### Requirement
Beginning with the line containing "全市69條環境綜合整治河道水質明細表(2024年1-12月)" and ending at the last line of the data, set down every line exactly, leaving out all pictures.
Material for this task START
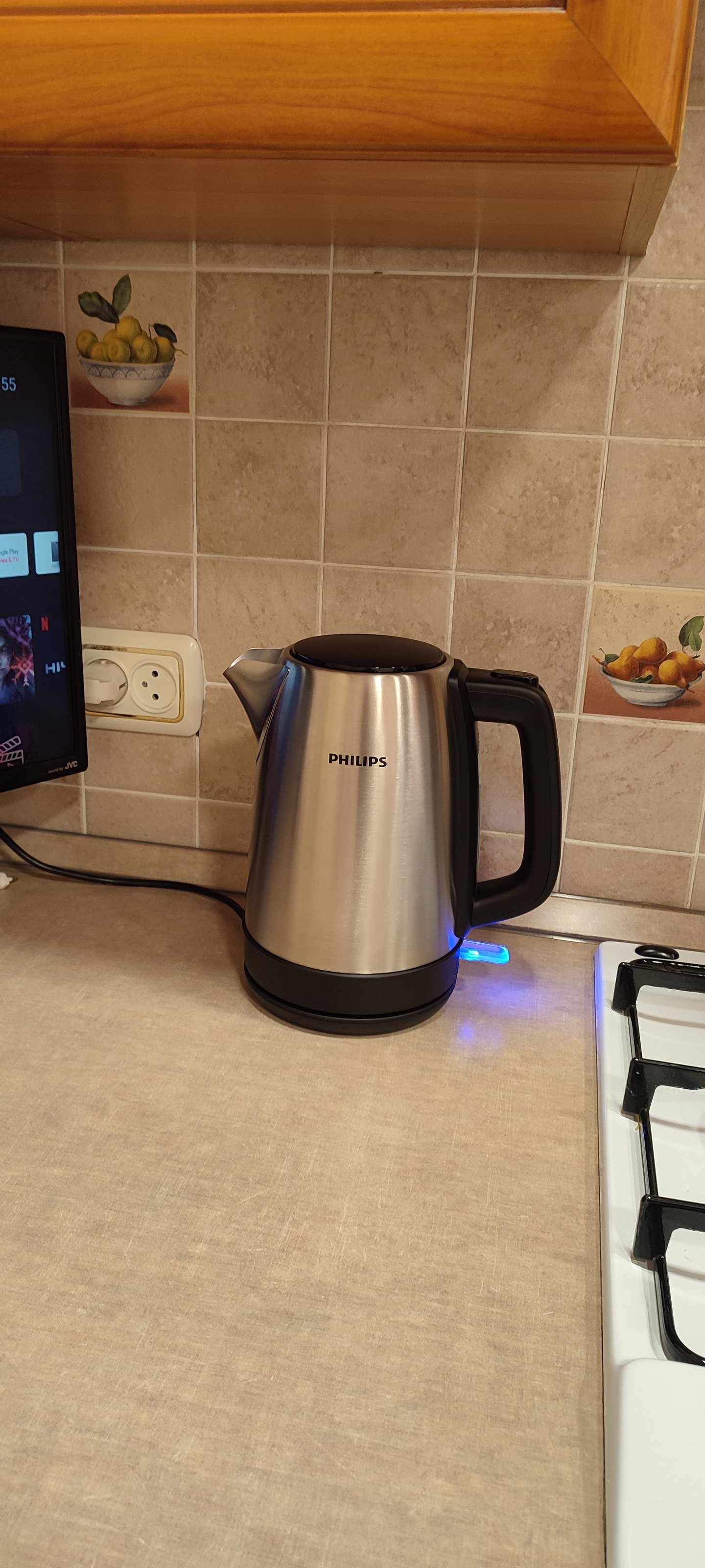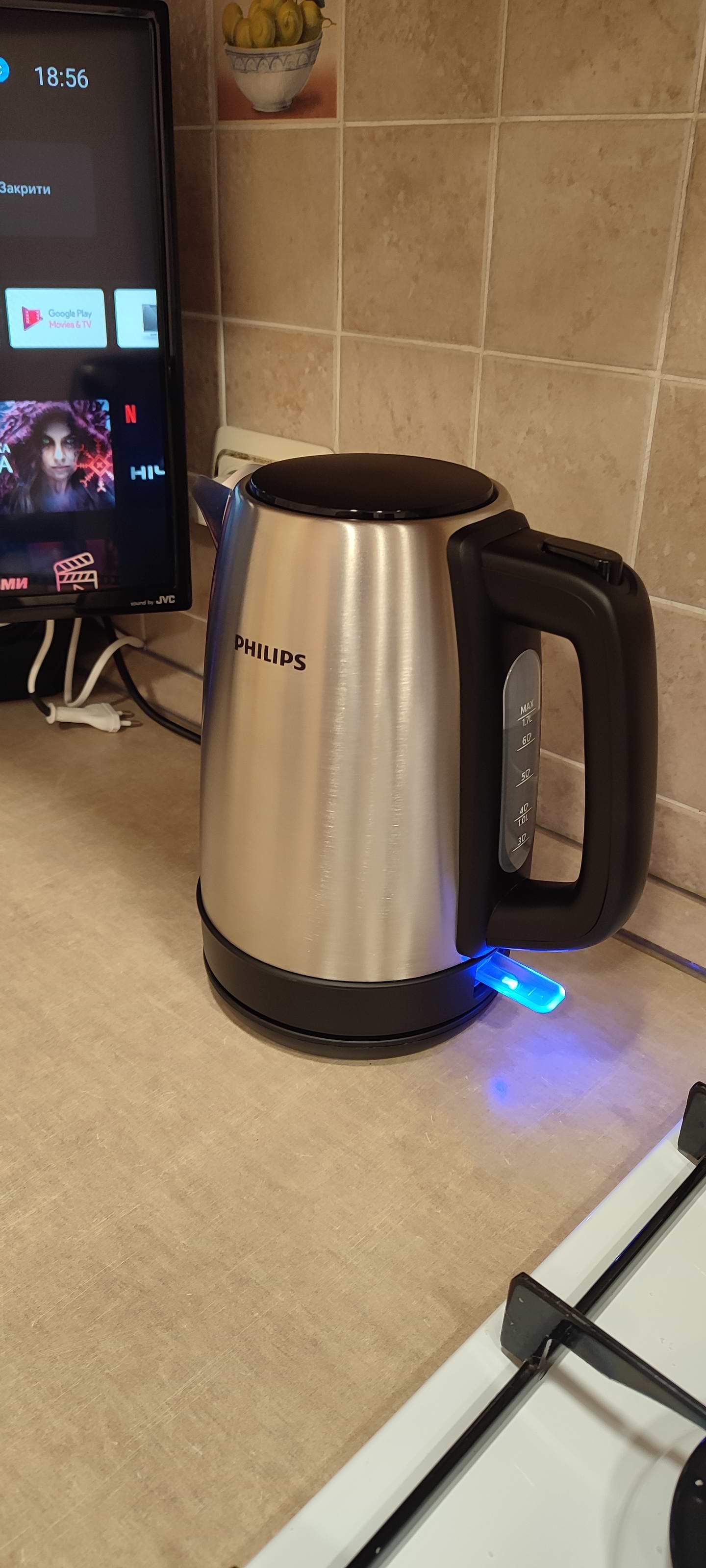 Завжди поважаю бренд Філіпс, вже багато років віддаючи перевагу дивайсам цього бренду. Дана модель підкорила дизайном, потужністю і головне- зручно набирати воду з крану, бо кришка відкидається на весь просвіт кухля, а не на 45 градусів, як у багатьох інших чайників.
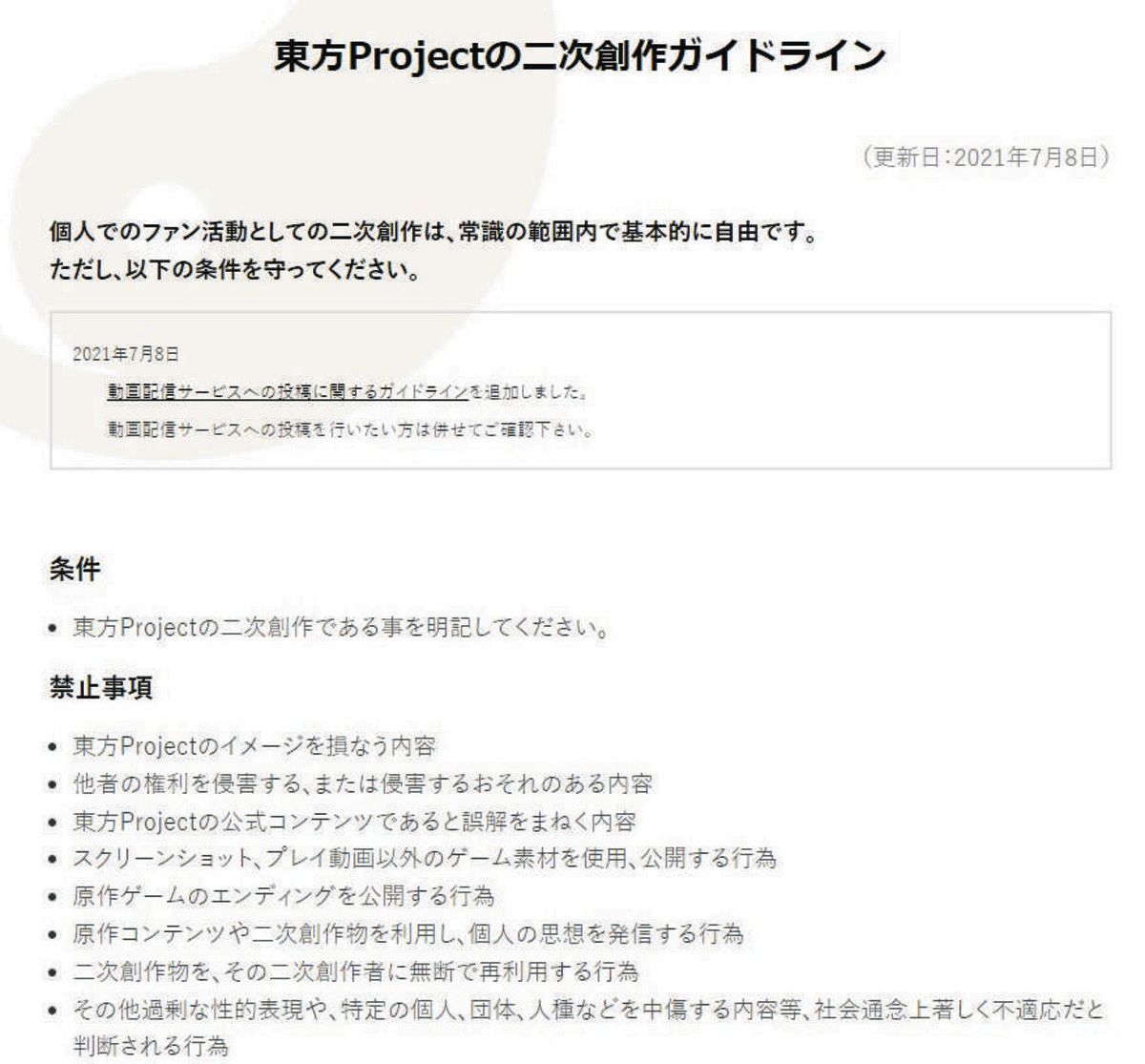 「東方Project」の二次創作ガイドラインの抜粋(公式ホームページから)
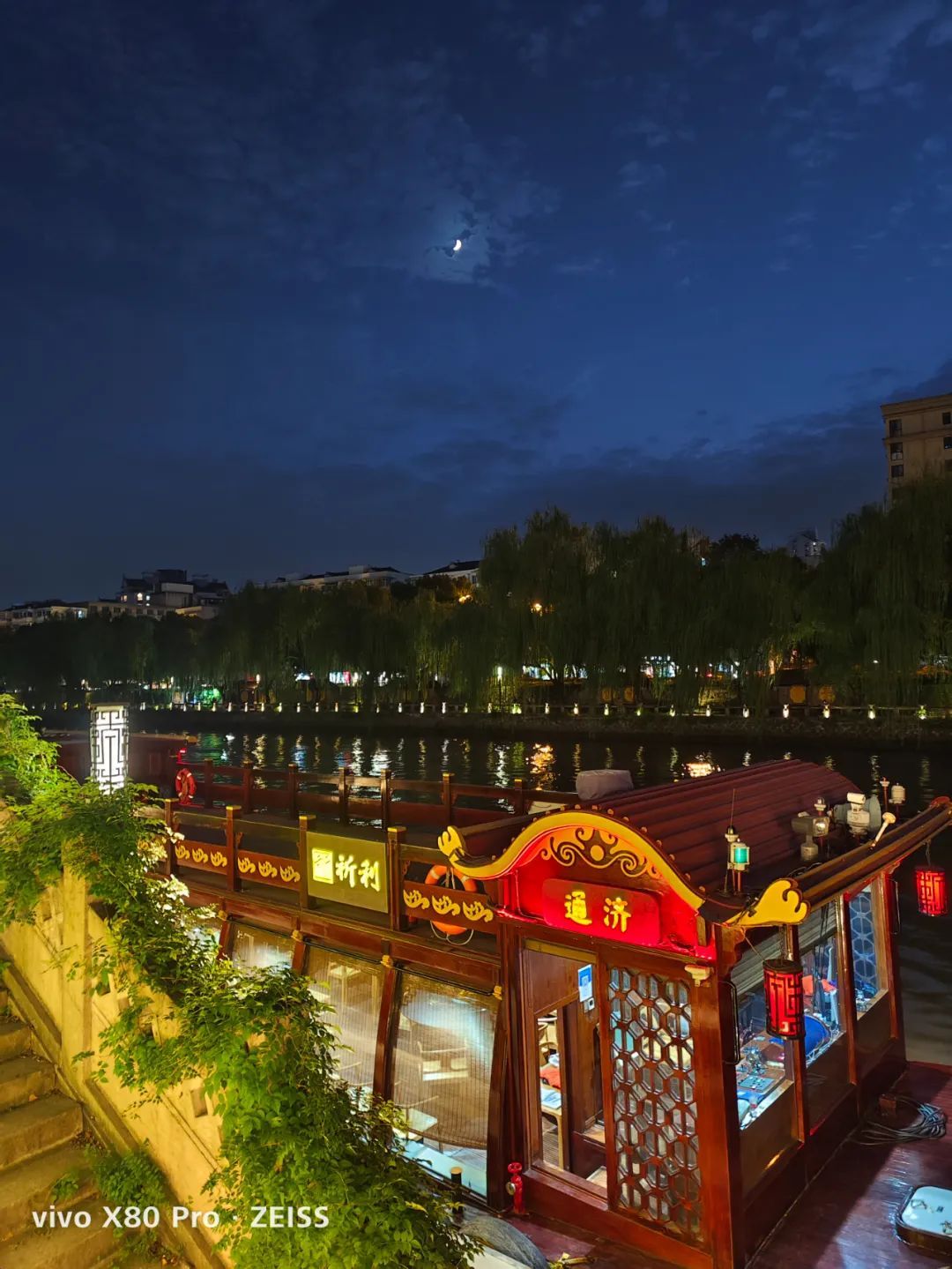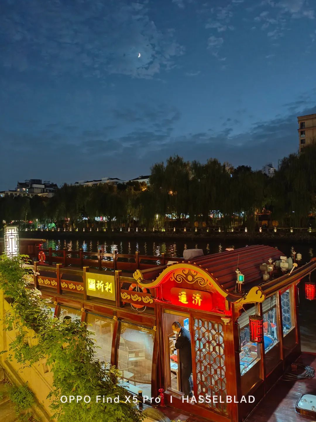 放大看船上的 LED 广告灯,蓝绿两厂的算法相对通透一些,没有过曝。
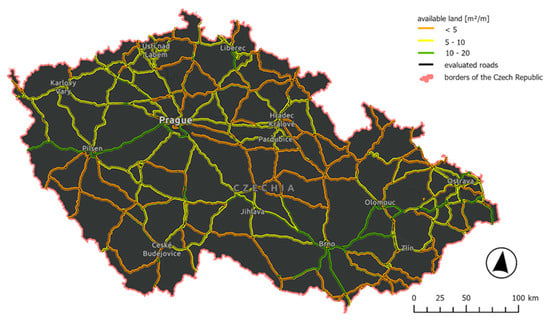 In the next step, the polygons of the evaluated roads were removed from the data layer of land owned by the state with the right to manage the Road and Motorway Directorate and the Railway Administration, in order to obtain information about the area of adjacent land on which the road is not located. It allowed the calculation of the available land in each segment of the road corridor. The final step was to calculate the evaluation ratio, which was the area of available land (m2) per unit length (m) for each segment. The maximum value was set at 40 m2/m, meaning the entire corridor could be used, while the minimum value was 0 m2/m, meaning no available land was present. Based on this calculation, five categories were set for further evaluation (see Table 2). All results are given as discrete values.
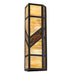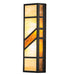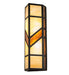 Santa Fe features a striking southwestern Mission design for the ages. A charming aura projects from the Beige Art Glass, which is highlighted with bold geometric styling with Amber Mica accents. Complemented with a Flat Black finished frame and hardware, the handcrafted wall fixture is ideal for ambient decorative lighting in hallways and other residential, hospitality, and commercial spaces throughout the US, including Taos, New Mexico, Joshua Tree, California, and Moab, Utah. The fixture can double as a vanity light in fine baths. The?Santa Fe Wall Sconce is featured in our American-made, American-designed, handcrafted Southwest Lighting Collection. This fixture is manufactured in Yorkville, New York. UL and cUL listed for dry and damp locations.
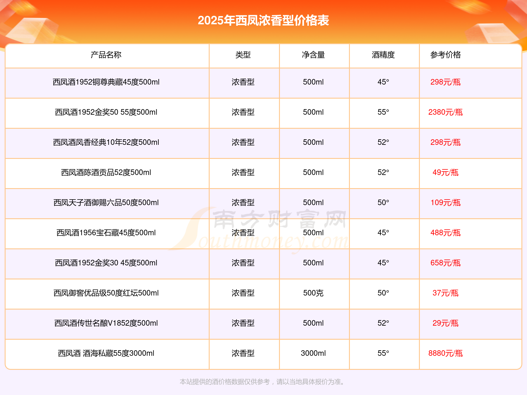 2025年西鳳濃香型酒西鳳酒 酒海私藏55度3000ml、西鳳酒1952金獎(jiǎng)50 55度500ml、西鳳酒2013年產(chǎn)老酒鳳香經(jīng)典30年52度500ml、西鳳酒1952金獎(jiǎng)30 55度500ml、西鳳酒鳳香經(jīng)典20年52度500ml、西鳳酒1952金獎(jiǎng)30 45度500ml、西鳳酒1956紀(jì)念版52度500ml等最新價(jià)格如下:
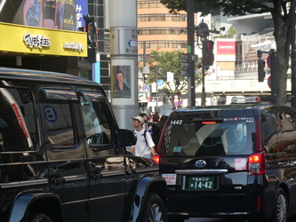 Skrzyżowanie kawałem za słynnym Scramble Crossing, na moim zdjęciu samochody niestety jadą w drugą stronę, ale to definitywnie to miejsce. By wykonać to zdjęcie trzeba ujstawić się pod schodami, wyjść lekko na ulicę, w miejsce gdzie parkują samochody i czekać na dobry moment. To samo miejsce, ale z innej perspektywy pojawia się na MV do utworu Ever Blue u Omaru Polki. Zdjęcie w Stellar Stellar robione było stojąc obok schodów widocznych w lewym dolnym rogu na MV Polki.
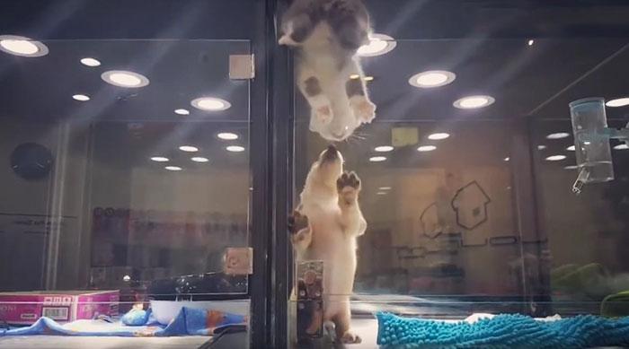 Hẳn là chú mèo con này không thể nào xa rời bạn mình một giây phút nào được, nên đã cố trèo qua bức tường kính "trái ngang" ngăn cách chú với bạn cún.
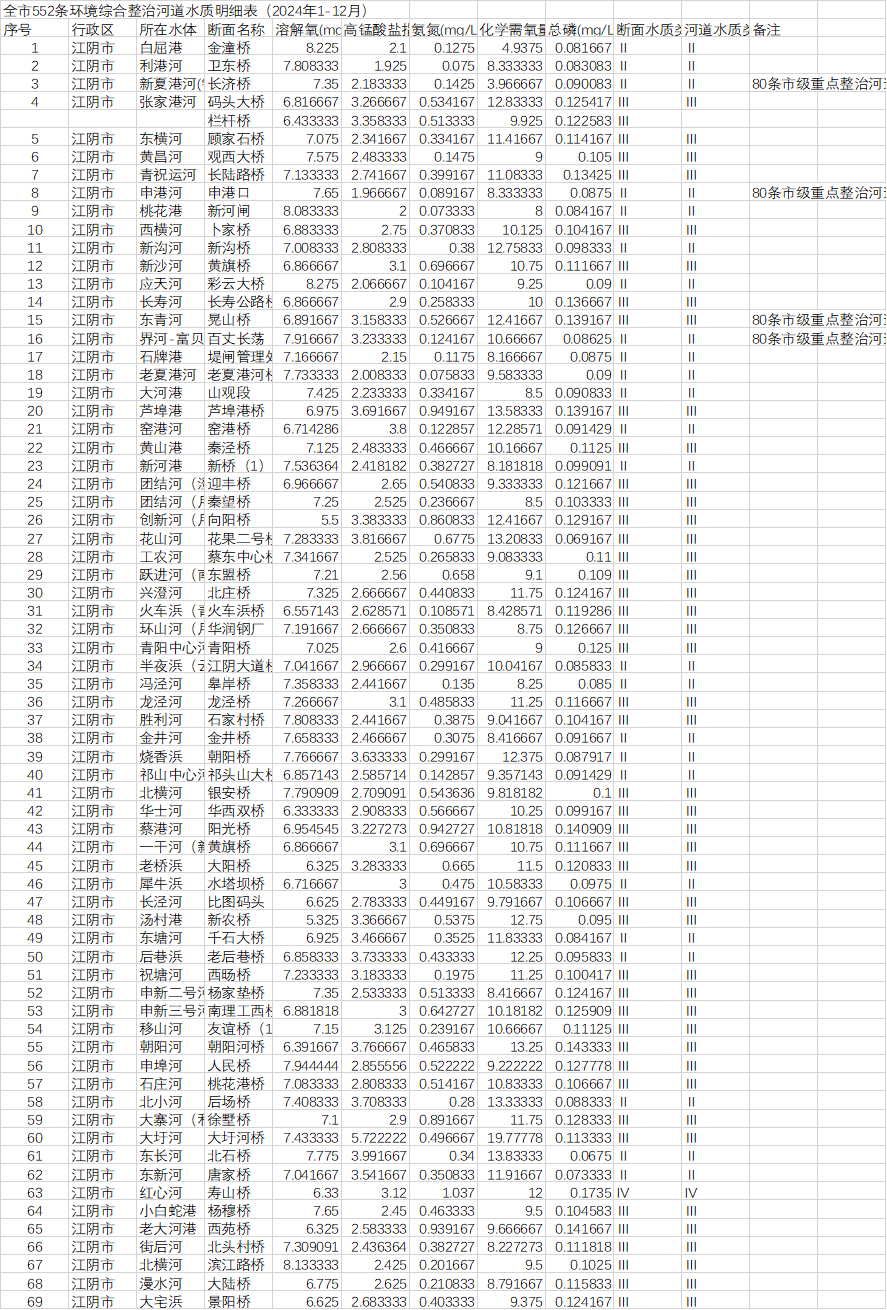 全市69條環境綜合整治河道水質明細表(2024年1-12月)
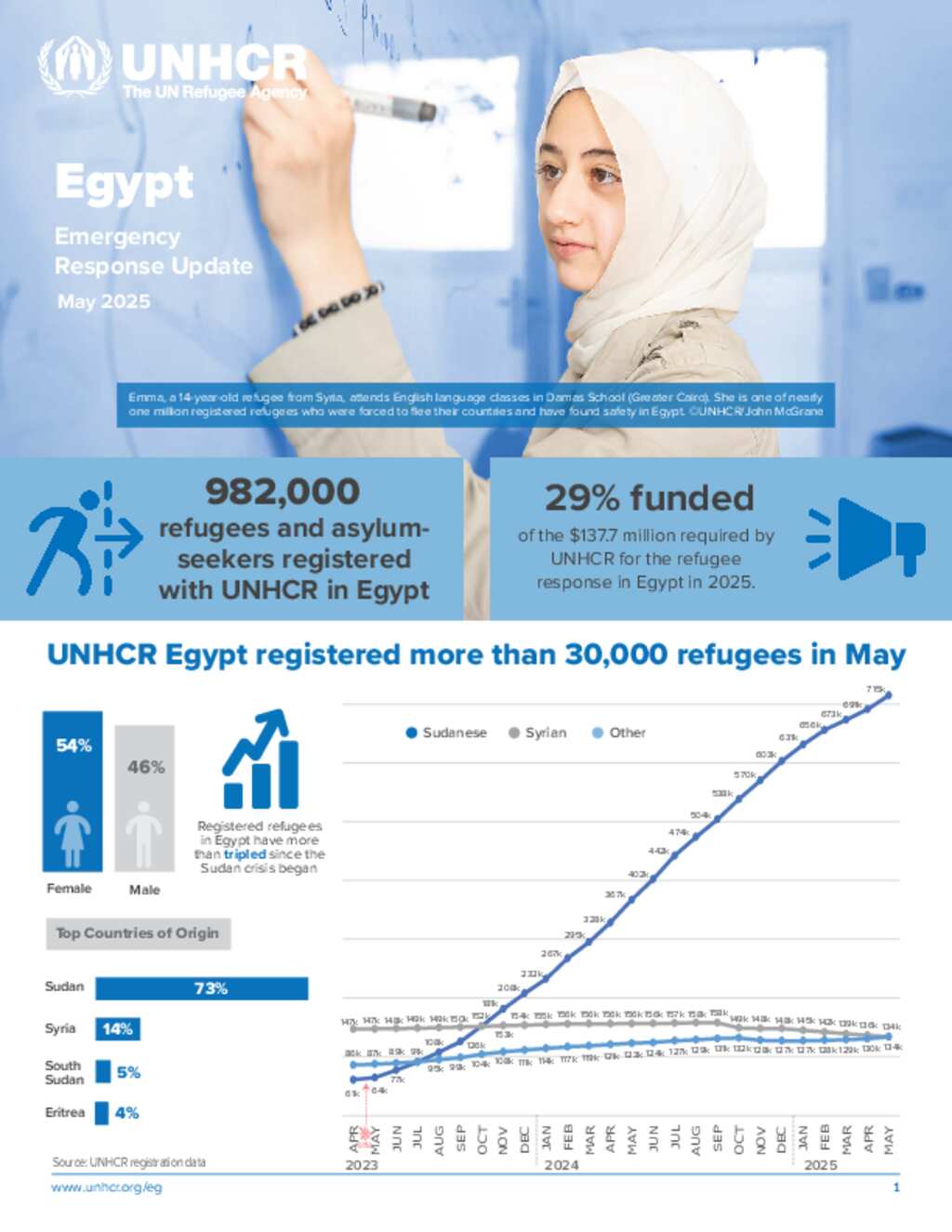 Monthly report outlining the progress of UNHCR's work in Egypt regarding the protection and assistance of refugees and asylum-seekers.
Material for this task END
### Written solution
 全市69條環境綜合整治河道水質明細表(2024年1-12月)
 Monthly report outlining the progress of UNHCR's work in Egypt regarding the protection and assistance of refugees and asylum-seekers.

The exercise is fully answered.